But, as he concluded his post, he stated his point very well:

“…just think about how impossible it is for your to predict what your life is going to be like in four or six years… being ready for anything is the only rational strategy. So, why exactly are you planning on the future being just like it is now, but with better uniforms?”


Many of us have accepted traditional goal-setting strategies.  They include looking ahead five years to what you can reasonably achieve, but perhaps with a slightly starry-eyed vision.

That’s where I recommend a shift to the Getting Things Done view, mixed with a little of Stephen Covey’s Seven Habits…

Think in terms of wild success.   I mean success beyond your wildest expectations.  How would that look?  How would your life be different?  What would your workday be like?

And then, plan for that.  Take the steps to integrate those changes into your life right now.

Remember what you’re doing this for.


Is it to be a successful, well-paid artist?  Well, do you dress like one?  What about your car… is it as immaculate inside (and out) as it would be if you had a chauffeur to maintain it for you?  Do you always have nice, upscale business cards with you, to hand out to fans (or people you’d like to have as fans or clients)?

Are you doing this to be famous for future generations?  Okay, what are you doing to create a name for yourself, right now?  Do your PR strategies include getting your paintings into highly visible locations, such as your town offices, state offices, the offices of your Congressional reps, every local museum… and then work up from there?  Have you contributed (or contributed to) a very visible mural in a public space?

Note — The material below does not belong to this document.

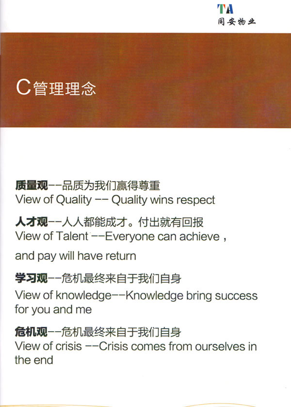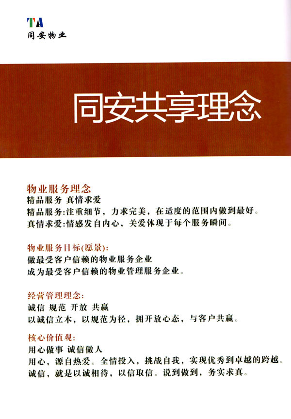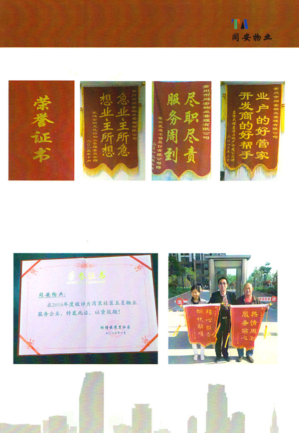 常州市同安物業(yè)管理有限公司注冊1999年,發(fā)展至今已有多年歷史,本公司坐落于美麗的龍城常州,秉承“融聚無限未來”的核心理念,融專業(yè)認(rèn)才,匯優(yōu)質(zhì)資源以”專心,細(xì)心,耐心”的服務(wù)態(tài)度,為客戶打造“安心,順心,稱心”的服務(wù)感受。 公司始終以“打造中國最值得信賴和最值得尊重的物業(yè)管理服務(wù)集成商”為愿景自我鞭策,不斷前行。同安物業(yè)以客戶滿意為終極目標(biāo),不斷加強(qiáng)”崗位資格認(rèn)證能力,人才招聘與職業(yè)化培訓(xùn)能力,產(chǎn)品策劃與管理設(shè)計(jì)能力,品質(zhì)監(jiān)督與管控能力,技術(shù)更新與運(yùn)營優(yōu)化力“五大專業(yè)能力的培養(yǎng)和提升,實(shí)現(xiàn)“精品化管理,專業(yè)化服務(wù)”。 公司發(fā)展至今,員工總數(shù)近千余人,大專以上學(xué)歷200多人,中高級技術(shù)人員160人,維修人員140人,物業(yè)管理師80名,公司接管面積達(dá)3100000多平方米,設(shè)涉及住宅小區(qū),別墅,大型游樂場,公園,醫(yī)院,廠區(qū),商業(yè)等。公司的工作管理逐步導(dǎo)入ISO9001質(zhì)量體系和ISO4001環(huán)境管理體系和GB/T28001職業(yè)健康安全管理體系,嚴(yán)格按照質(zhì)量體系的標(biāo)準(zhǔn)執(zhí)行。

Are you working on your art so you can be a full-time artist?  That’s great; how much time are you dedicating to your art.  I don’t mean the commercially successful art that can be the first step into the marketplace. I mean strange, deeply expressive and authentic art that may never match the colors in anyone’s sofa, and may only make sense to you.

The fact is, no one can predict the future with certainty.  The five-year plan was fine when five-year intervals could be predicted.  Today, life moves and changes at a vastly faster pace.

Don’t plan for the forseeable future.  Plan for a wildly successful future.  That’s what’s within your reach, and perhaps sooner than you think.

Start now.  Plan with the end in mind:  Success beyond your wildest dreams.